By the way: I am still interested in my original question. How would
I use a debugger etc. to find the problem myself in such a situation?
I should know the answer because I created the glibc patch that fixes
the problem, but it was back in February and I can't remember all the
It started when I thought, why should I run my AthlonXP in '386 emulator
mode' when I can use 'gcc -march=athlon-xp' and actually benefit from
the extra instructions my processor supports. This worked fine until I
compiled numarray and it failed its own tests with a floating-point
exception. But if I used the default gcc settings it worked OK. I filed
a numarray bug report (which I can no longer locate, perhaps they get
deleted after a certain date), they looked at it and said it was
probably a gcc bug. I filed a gcc bug report, and they closed it saying
it was not a gcc bug.
Then I thought it might be a bug with the way kernel handles FP
exceptions and started looking through the kernel sources, but did not
make much progress. So I went back to the numarray source code and tried
no narrow down where the problem was occurring.

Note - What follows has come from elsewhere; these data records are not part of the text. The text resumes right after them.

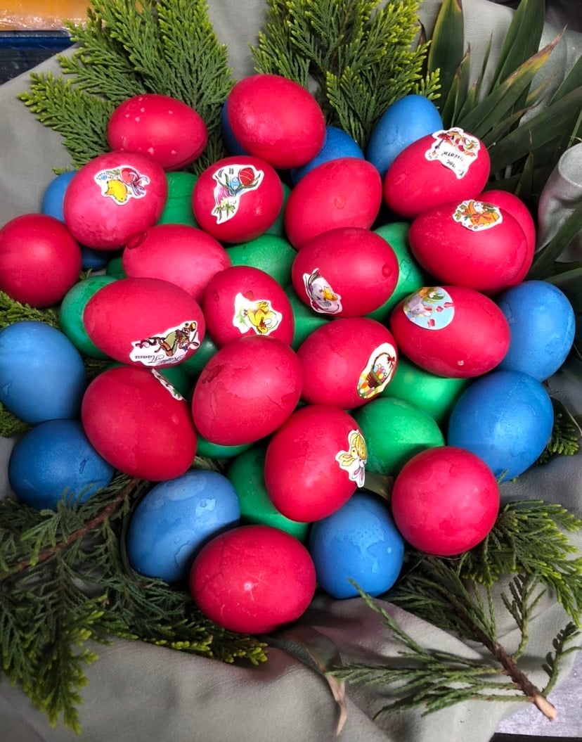 Τα αβγά βάφονται σε διάφορα χρώματα, αλλά τα πρωτεία κατέχει το κόκκινο. Τα κόκκινα αβγά τα μοιράζει κάθε κοινότητα, μετά την πασχαλινή θεία λειτουργία, στην ενορία της. Επίσης, τη Μεγάλη Πέμπτη ετοιμάζουμε τα υλικά, τη μαγιά για τα πασχαλινά τσουρέκια. Οι παλιές τα ζυμώνανε στη σκάφη, γιατί οι φαμίλιες τους ήταν μεγάλες. Τα ζυμώνανε καλά με τα χέρια, άφηναν τη ζύμη λίγο να συνέλθει, μετά έφτιαχναν τα πασχαλινά τσουρέκια εντός μαύρης λαμαρίνας και τα πήγαιναν στον φούρνο. Ολη η περιοχή μοσχομύριζε μαστίχα χιώτικη, μαχλέπι και κακουλέ (κάρδαμο), που τα έβαζαν στη ζύμη.
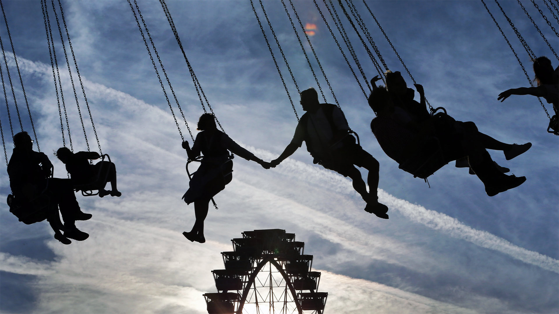 Swinging over Munich Oktoberfest visitors in Munich, Germany (© Karl-Josef Hildenbrand/Getty Images)
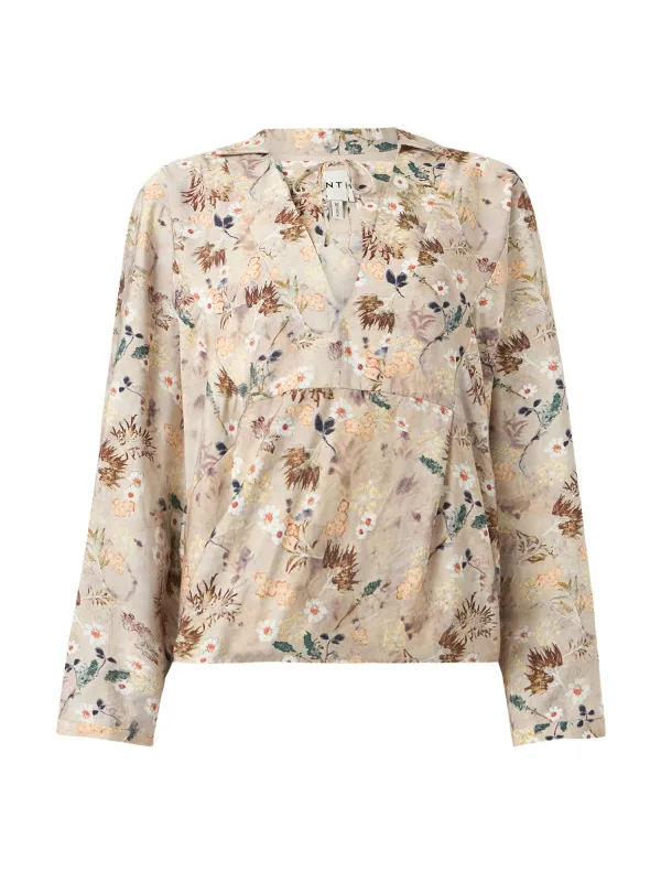 Munthe Blouse ‘BABETTE’ beige / bruin / spar / offwhite
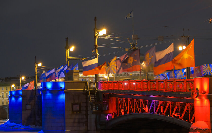 "Ставшая уже традиционной подсветка петербургских мостов в День защитника Отечества – дань признательности нашим российским воинам. Знаменитые архитектурные символы города в цветах отечественного триколора – знак единства и гордости за Россию, её вооружённые силы и их славные боевые традиции", – подчеркнул губернатор Петербурга Александр Беглов.
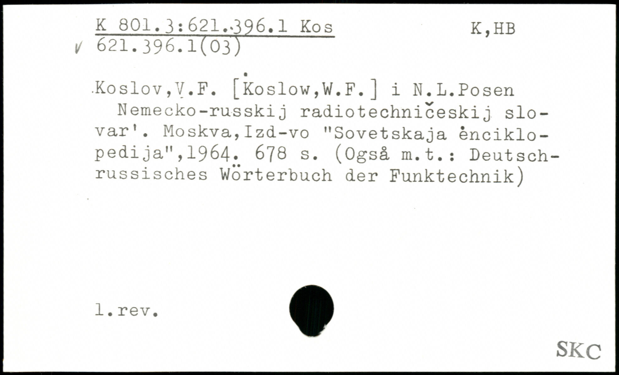 .Koslov,V.F. [Kos1ow,W.F.] i N.L.Posen Nemecko-russkij radiotechniceskij slo-var'. Moskva,Izd-vo "Sovetskaja enciklo-pedija",1964.
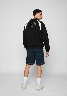 The masculine track jacket impresses with a minimalistic shape and a maximum in functionality. The employed material mix of cotton, polyester, micro-mesh and taffeta, together with a regular fit, provide perfect wearing comfort. Furthermore, it is equipped with wide cuffs on sleeves and hem, generous side pockets, a zipper as well as a college-styled collar. Colored narrow inserts on front and back of the shoulders set additional accents. The branding is visible as an embossing print on the back and as a Starter logo patch on the front.

Now to answer your question:
Consider you are on a TV game show where you have to guess a number x in
the range 1 to y and are told 'higher', 'lower' or 'correct' after each
turn. You can use a binary search and always guess the mid point of the
range - you are either correct or eliminate half of the possibilities
each turn, so in ceil log(y, 2) turns or less you locate the correct
You can use a similar kind of binary search to locate bugs in software.
You know the bug occurs on some line x of the source code with y lines.
Use gdb and insert breakpoints in the code (I think I just inserted
printf() statements instead of using gdb) and see if the error occurs
before or after the breakpoint, move the breakpoint and try again. The
problem is that source code is rarely a linear list of statements in one
file that are executed in order, but a set of procedures/functions in
many files where the execution order can vary. You can start at the main
() function, split it in half and insert a breakpoint (or printf()) run
it and see in which half the error occurs, repeat the process working
your way down into other functions until you pinpoint the error.
Hope that makes sense. You could now reinstall the old glibc, forget
that you know that glibc is the problem and start again to locate the
bug, it will be useful practise for the next bug that comes along!